Cet article est fourni à titre informatif et ne constitue pas un conseil financier personnalisé. Avant toute décision, rapprochez-vous d'un professionnel agréé.

Questions sur la retraite

Quel est l'intérêt du plan épargne retraite ?

Le principal atout du PER est fiscal : les versements volontaires viennent en déduction du revenu imposable, ce qui génère une économie proportionnelle à la tranche marginale. À cela s'ajoute une vraie flexibilité à la sortie — rente, capital, ou les deux — que ni le PERP ni le contrat Madelin n'offraient. Franchement, c'est un outil pertinent surtout pour les contribuables imposés à 30 % ou plus.

Quels sont les inconvénients d'un plan d'épargne retraite ?

Plusieurs points méritent attention. D'abord, le blocage des fonds jusqu'à la retraite (sauf accidents de vie ou résidence principale pour les compartiments 1 et 2). Ensuite, la fiscalité différée à la sortie : l'impôt n'est pas supprimé, il est simplement reporté. Les frais peuvent aussi être élevés selon les contrats. Et le compartiment cotisations obligatoires est le plus contraint : sortie en rente uniquement, pas de déblocage pour résidence principale (AMF, 2025-2026).

Comment avoir une rente de 300 euros par mois avec un PER ?

Pour viser une rente mensuelle de l'ordre de 300 euros, il faut généralement accumuler entre 60 000 et 90 000 euros au moment de la conversion, selon votre âge et les taux pratiqués par votre assureur. Ces taux varient d'un contrat à l'autre et dépendent des tables de mortalité en vigueur. Une projection personnalisée auprès de votre assureur ou d'un CGP est nécessaire pour obtenir un chiffre fiable.

Est-ce qu'un PER vaut le coup ?

Le PER est pertinent en priorité pour les personnes imposées à 30 % ou plus, avec un horizon de placement d'au moins 10 ans. L'avantage fiscal à l'entrée est réel — mais il faut anticiper la fiscalité à la sortie. Pour les contribuables non ou faiblement imposés, l'assurance vie ou le PEA peuvent être plus adaptés. Dans le doute, consultez un professionnel agréé.
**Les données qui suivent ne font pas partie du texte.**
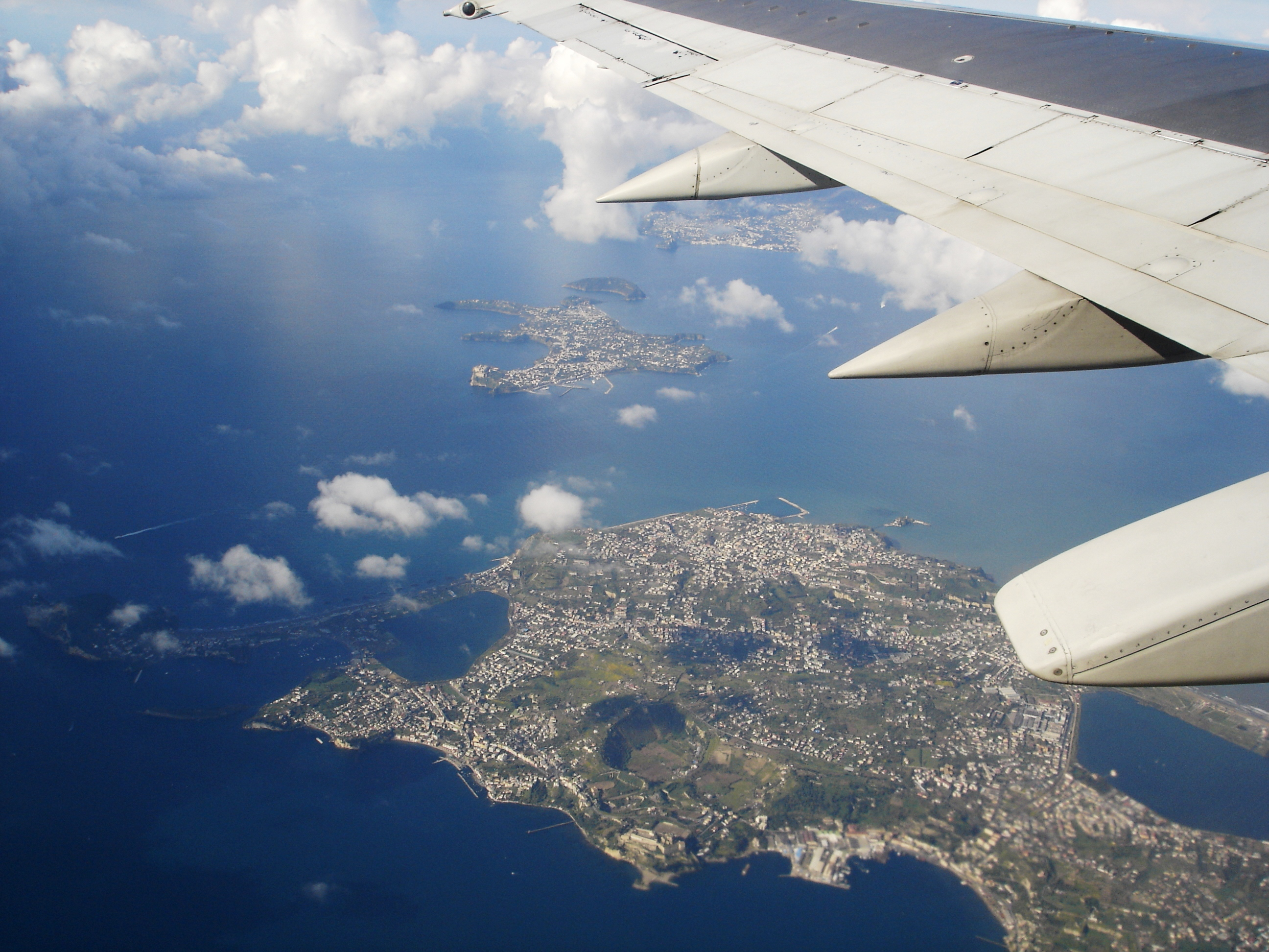 Views of Flaegrean peninsula, Procida and Vivara - photo by Luigi and utente:Retaggio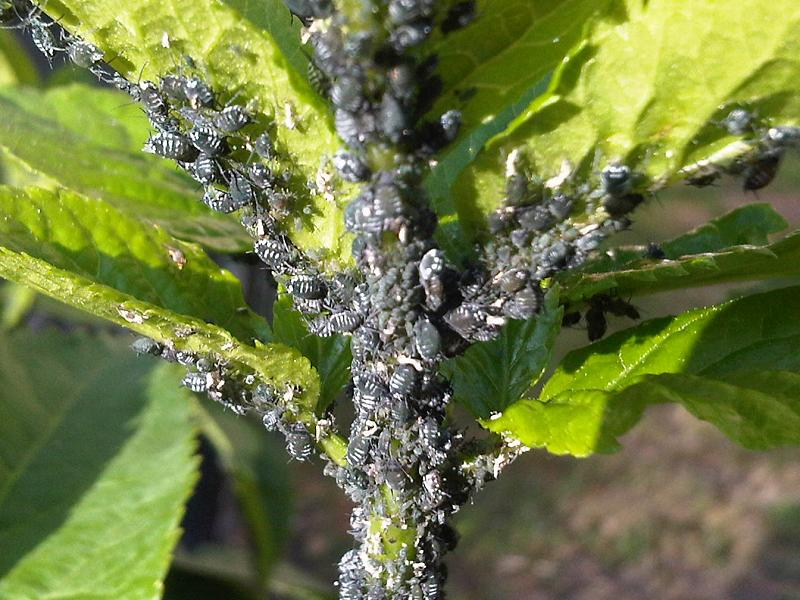 Plant infested with Black bean aphids (Aphis fabae) in London, England.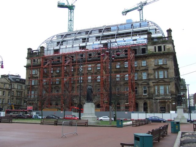 Former GPO building on George Square. The wraps are off, but there is still much work to be done. The building has had various wrappers over the years 414269 672686 573820.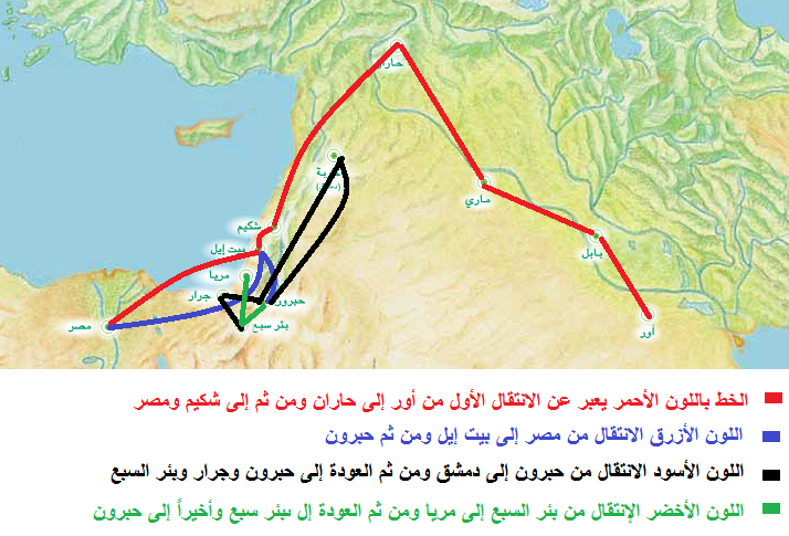 Ibrahim travel arabic map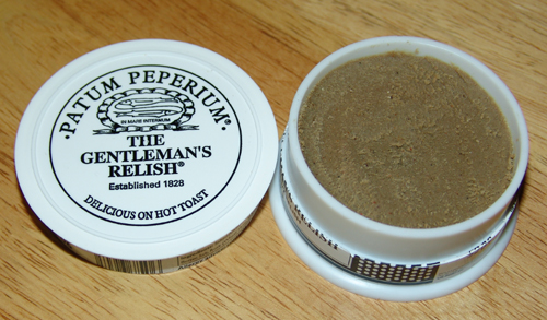 I, User:Dabbler, created this image. It is an open pot of Patum Peperium also known as The Gentleman's Relish.

Peut-on débloquer son PER pour acheter sa résidence principale ?

Oui, mais pas pour toute l'épargne. Le déblocage anticipé pour résidence principale est possible uniquement sur les sommes logées dans les compartiments versements volontaires et épargne salariale. Les sommes issues du compartiment cotisations obligatoires (compartiment 3) en sont exclues, comme l'a précisé l'AMF dans une décision de son médiateur (amf-france.org, 2024-2025).